Face aux incertitudes pesant sur les programmes scientifiques américains, l’ETH Zurich a engagé une opération d’ampleur exceptionnelle : transférer en Suisse une copie massive des données climatiques et environnementales publiques de la NASA. Au total, environ 100 pétaoctets ont été rapatriés vers le Centre suisse de calcul scientifique, à Lugano, soit l’équivalent de près de 20 millions de films.
Ce gigantesque réservoir contient des données d’observation de la Terre essentielles pour comprendre l’évolution du climat, suivre les océans, les glaces, l’atmosphère ou encore les écosystèmes. En centralisant ces informations en Suisse, l’ETH Zurich veut garantir leur accessibilité à long terme pour la communauté scientifique internationale, alors que les coupes budgétaires et les changements de priorités aux États-Unis suscitent des inquiétudes.

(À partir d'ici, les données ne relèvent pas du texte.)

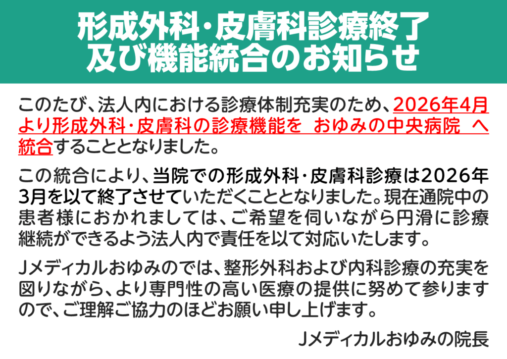 ≪形成外科・皮膚科≫ 形成外科・皮膚科診療終了及び機能統合のお知らせ

L’enjeu dépasse la simple conservation. Ces données doivent servir à entraîner la prochaine génération de modèles d’intelligence artificielle pour le climat. En les combinant avec la puissance de calcul du CSCS, les chercheurs espèrent développer des outils capables de mieux anticiper les phénomènes extrêmes, d’affiner les modèles climatiques et de soutenir la prise de décision publique.
Cette initiative positionne la Suisse comme un acteur clé de l’infrastructure scientifique mondiale. Elle rappelle aussi que, dans la recherche climatique, la souveraineté des données devient aussi stratégique que leur production.